CNN Indonesia | Jumat, 15/02/2019 13:50 WIB
Alex Asmasoebrata Tak Penuhi Panggilan Polisi Kabid Humas Polda Metro Jay Kombes Raden Prabowo Argo Yuwono. (CNN Indonesia/Martahan Sohuturon)
Jakarta, CNN Indonesia -- Mantan pembalap Alex Asmasoebrata tidak memenuhi panggilan pemeriksaan yang dilayangkan penyidik Polda Metro Jaya.

Pemeriksaan terhadap Alex tersebut seharusnya dilaksanakan pada Kamis (14/2) kemarin. Kedatangan Alex kemarin hanya diwakilkan kuasa hukumnya.

"Ada sembilan orang kuasa hukum dari saudara Alex (yang datang)," kata Kabid Humas Polda Metro Jaya Kombes Argo Yuwono saat dikonfirmasi, Jumat (15/2).



Argo menjelaskan kuasa hukum Alex itu pun hanya sekitar 10 menit saja bertemu dengan penyidik dari Dirreskrimsus Polda Metro Jaya.

Kedatangan para kuasa hukum Alex, kata Argo, untuk meminta penjelasan dari pihak penyidik terkait hal perkara yang melibatkan kliennya tersebut.

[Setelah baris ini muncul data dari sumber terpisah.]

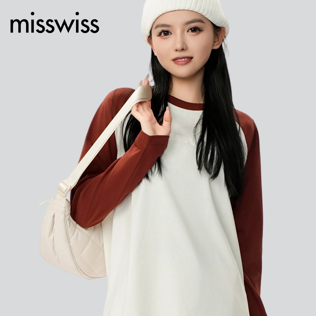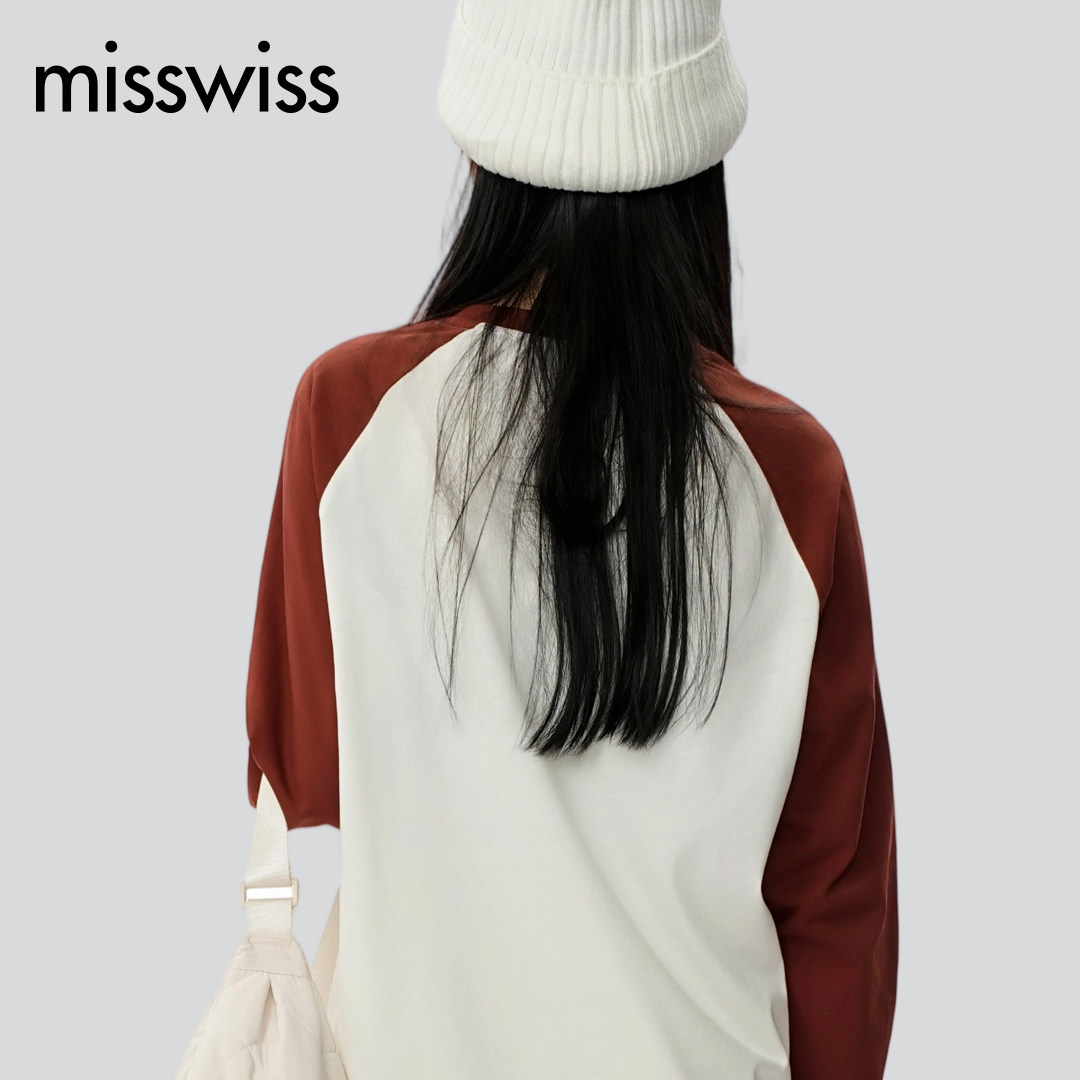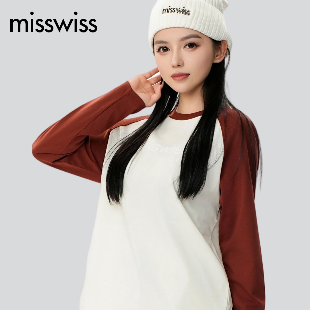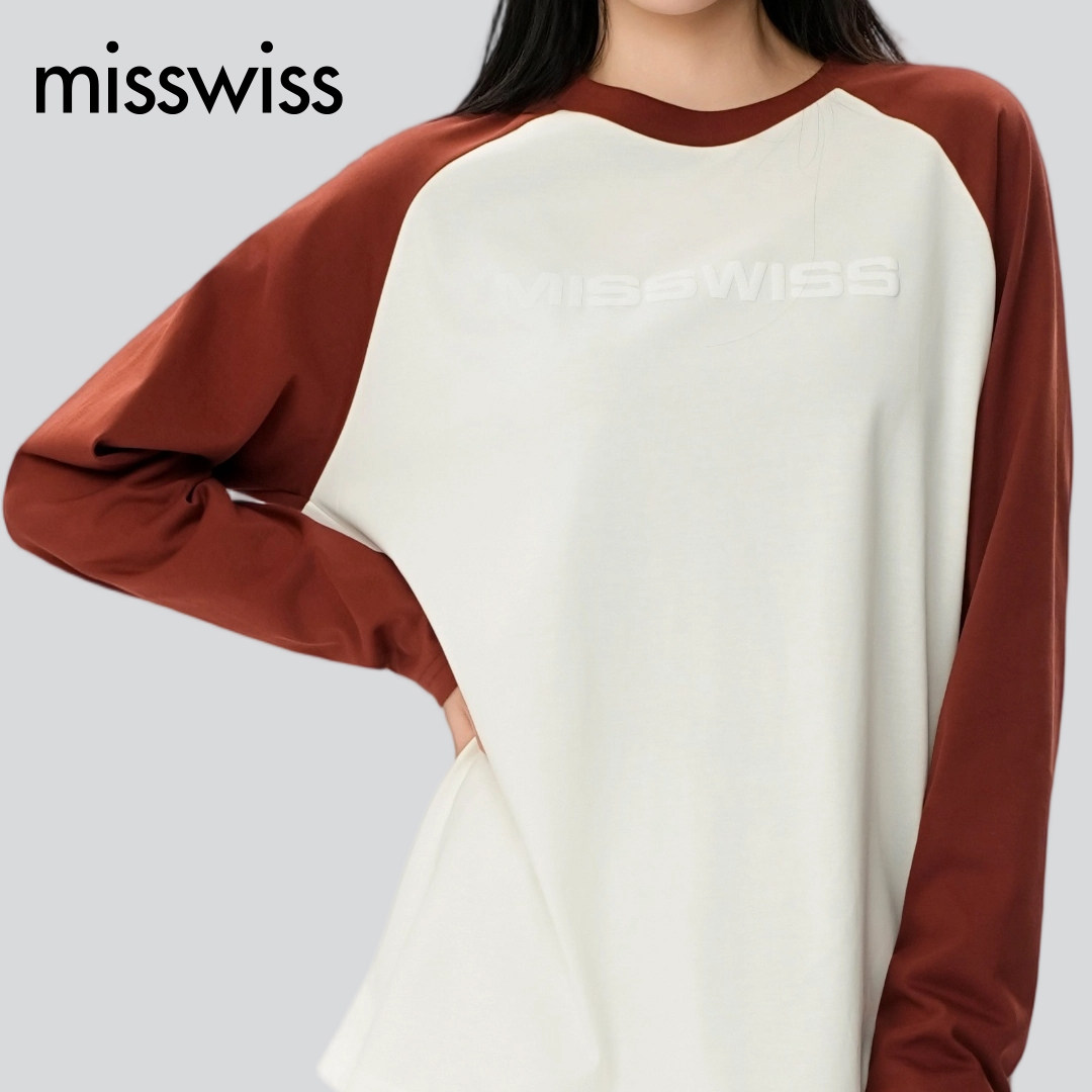 MissWiss(服饰)休闲宽松圆领长袖T恤女美式复古插肩袖情侣上衣

Selain itu, para kuasa hukum itu pun tak bisa memastikan kapan Alex Asmasoebarata bisa hadir memenuhi panggilan penyidik.

"Menurut mereka kedatangan tim kuasa hukum adalah sama dengan telah memenuhi undangan tersebut dan mereka meminta kepada penyelidik untuk diambil keterangan karena posisinya sama dengan kuasa pelapor yang sudah diambil keterangan juga," tutur Argo.

Argo mengatakan penyidik tetap berencana menjadwalkan kembali pemanggilan ulang Alex. Namun, untuk waktu pastinya masih menunggu koordinasi dari para penyidik.

"Saat dipertanyakan oleh penyelidik apakah ada yang mengetahui kronologis perkara, tidak ada yang dapat menjelaskan," ujar Argo.

Alex dijadwalkan diperiksa penyidik Ditreskrimum Polda Metro Jaya untuk meminta klarifikasi atas dugaan fitnah yang dilaporkan PT Sedayu.

Surat pemanggilan Alex tersebut dilayangkan Ditreskrimsus Polda Metro Jaya dengan nomor B/1082/II/RES.2.5./2019/Dit Reskrimsus tertanggal 8 Februari 2019.

Surat pemanggilan merujuk pada Pasal 1 butir 5, Pasal 5, dan Pasal 12 ayat (1) Kitab Undang-Undang Hukum Pidana; Undang-Undang Nomor 2 Tahun 2002, serta laporan polisi dengan nomor LP/539/I/2019/PMJ/Dit.Reskrimsus tanggal 28 Januari.

Di sisi lain, Alex diketahui melaporkan balik pemanggilan dirinya itu ke Divisi Profesi dan Pengamanan (Propam) Polri. Dalam hal ini Alex melaporkan tiga polisi sekaligus ke Divisi Propram yakni Kasubdit Siber Ditreskrimsus Polda Metro Jaya AKBP Roberto GM Pasaribu, Kompol Telly Alvin, dan Aiptu Joko Waluyo.

Alex menilai tiga polisi itu tidak profesional dalam membuat surat panggilan. Ia juga menilai surat pemanggilan dari polisi tidak jelas. Dalam hal ini seperti tidak mencantumkan nama pelapor dan terlapor. Pun demikian waktu kejadian dan lokasi kejadiannya juga tidak jelas.